Since I’ve used Hadoop for a while, I’m concentrating on the interesting points
from Google’s implementation.
“MapReduce exploits a restricted programming model to parallelize the user
program automatically and to provide transparent fault-tolerance”
I believe this is emblematic of a lot of Google worker. Restricting the API to
give greater guarantees.
- Intermediate keys and values must be the same type as the output keys and
values.

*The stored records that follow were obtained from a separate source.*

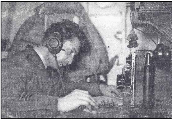
1958: ON4TJ aan de seinsleutel

je natuurlijk aan je zendtoestel gekluisterd als je een SOS hoort.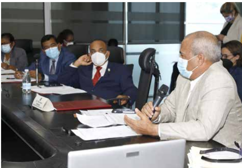
Esta entidad tendrá la responsabilidad de monitorear y vigilar la evolución del tiempo atmosférico las 24 horas del día.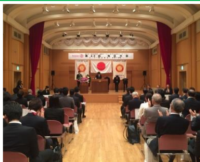
いよいよ次年度役員が動き出します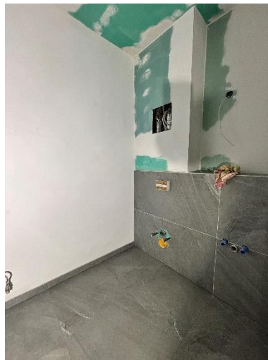
Erste Bäder sind fertig gefliest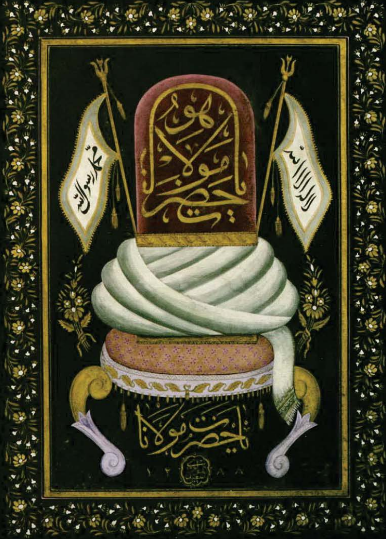
Mevlevi Sikkesi levhası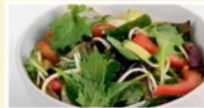
Kleiner gemischter Salat 4,50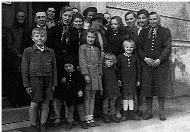
01 Sbor v Hraničné r. 1949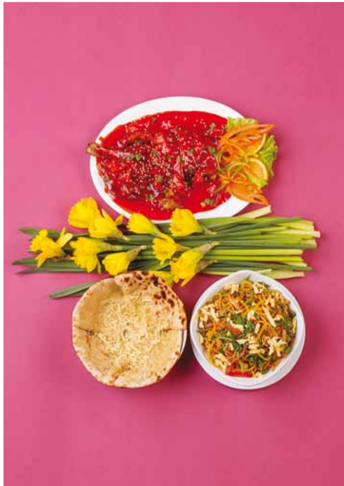
Maitsev toit Viimsi Keskuse teiselt korruselt! Fotol roog restoranist CHI.

Tõeliselt rikkalik menüü pakub gurmeehuvilistele lõputult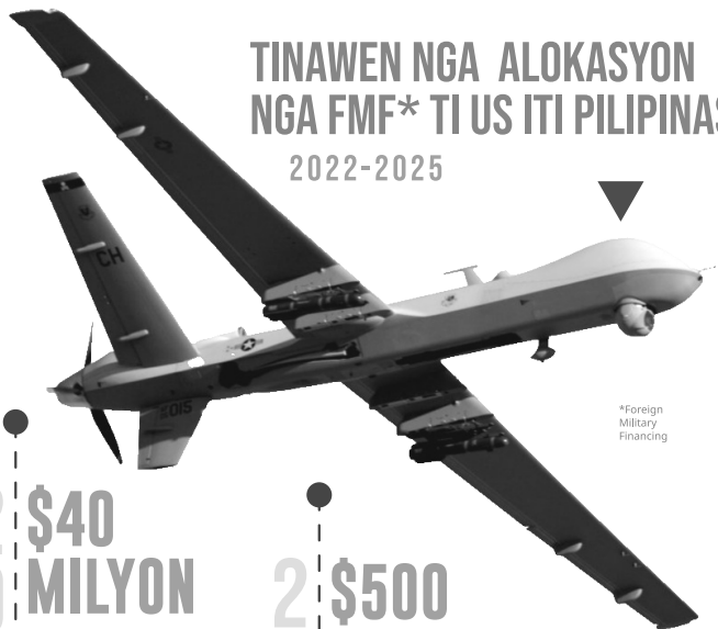
*Foreign Military Financing

Nasurok doble iti istandard nga alokasyon a $40; nakalatang para iti modernisasyon ti AFP (posible a paggatang kadagiti Boeing CH-47 Chinook helicopters ken armored vehicles )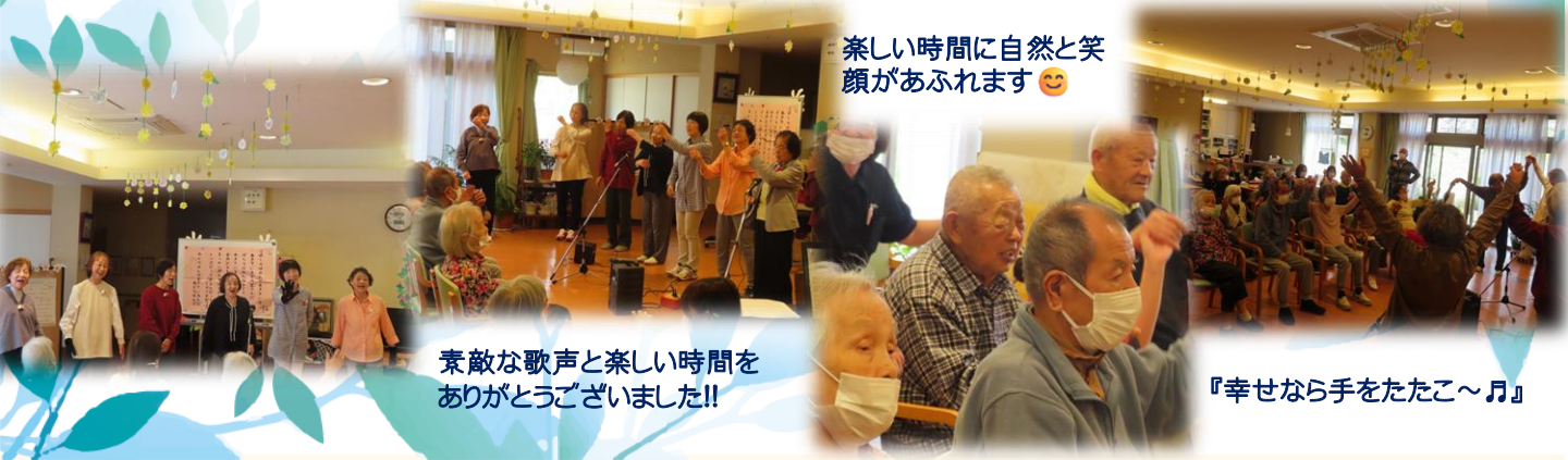
楽しい時間に自然と笑顔があふれます😊

また、当日の様子は動画でも撮影させていただき、来荘されていなかった利用者さまにも後日ご覧いただきました。あとから動画を見ながら一緒に歌を口ずさまれる方もおられ、皆さまで楽しい時間を共有することができました。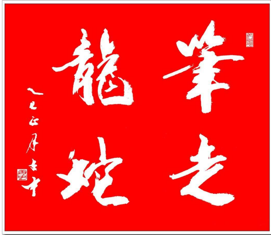
乙巳元宵 雲城古中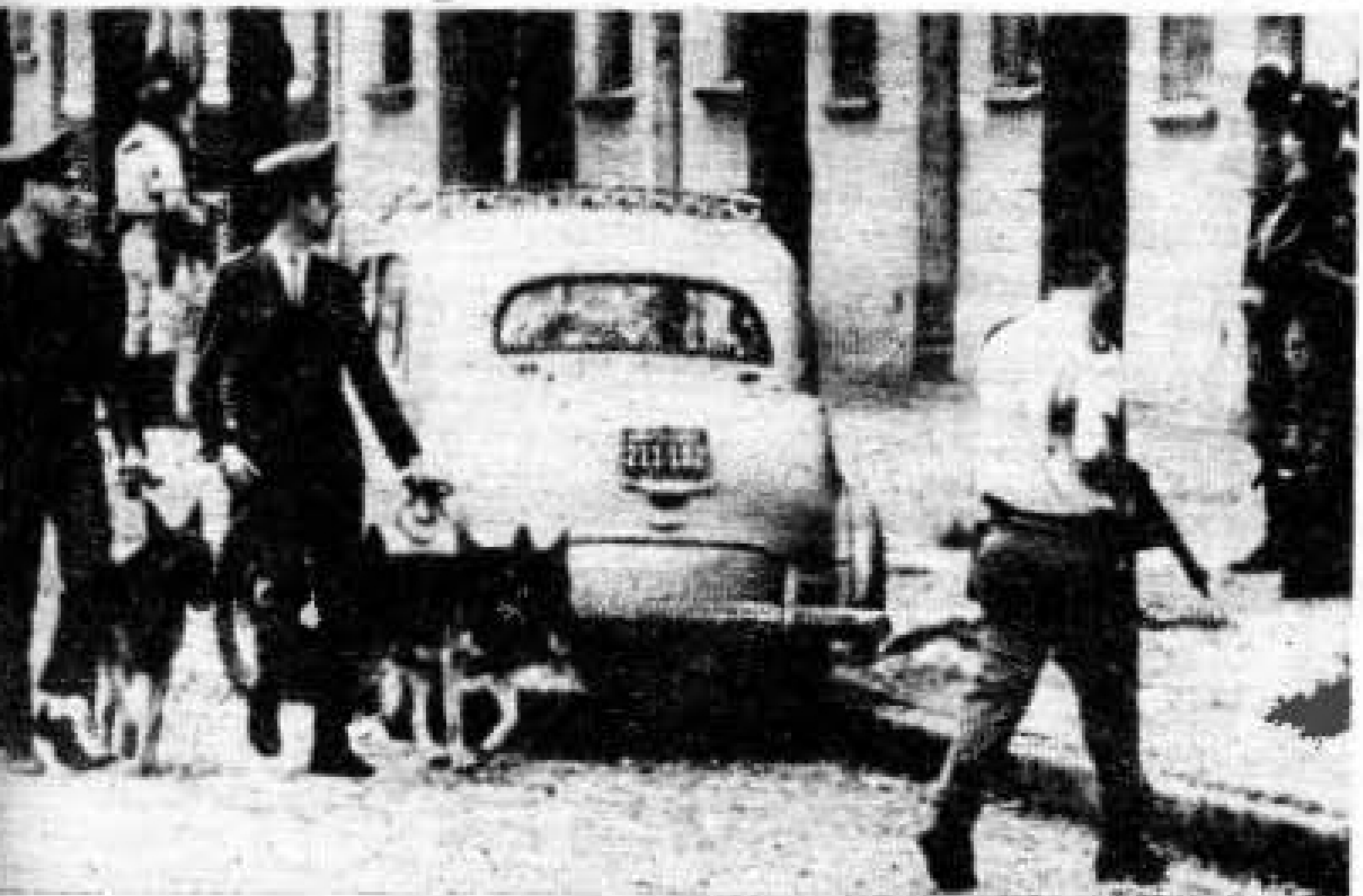
Perros especialmente adiestrados para la "caza del hombre".

This is not the case with the current Hadoop implementation.
- The authors also mention that MapReduce could be applied to a shared memory
system or NUMA multi-processor system
- Notes on Execution
- Intermediate values are written to local disk periodically, partitioned
by key
- It sends these locations to the master
- Reducer learns about the locations from the master and reads the appropriate
partitions via RPC directly from the Mapper
- Once all of the data is received, the reducer sorts the data, possibly with
an external sort
- I wonder if some speculative partial reduction work could be done or some
sort of heap style sort that could start immediately
- However, it’s probably better use of the machine to have it running other
work instead
- Reducer output goes to GFS
- Once the reducer finishes, it atomically renames the output file
- Master does not currently checkpoint, the user must rerun the job
- The authors say it would be easy
- At the time, network bandwidth was scarce
- They had the cluster scheduler assign map tasks on the same machines that
held the data in GFS or very close to the same machine
- Now that Google has a better network fabric, I wonder how it changes things
- They have the ability to skip bad records
- When an error occurs (i.e. segfault), they have a handler that sends a quick
UDP packet to the master with the offset
- If the master receives this message from two workers, when it reschedules
the task, it will notify the worker to skip the record
- This is super cool!
- I didn’t know this existed, but
it does!
- Interestingly, the JavaDoc steals directly from the paper in the
description
- They recognize the benefit of having a local version where the user can debug
with GDB
- Counter values are piggybacked on the heartbeat response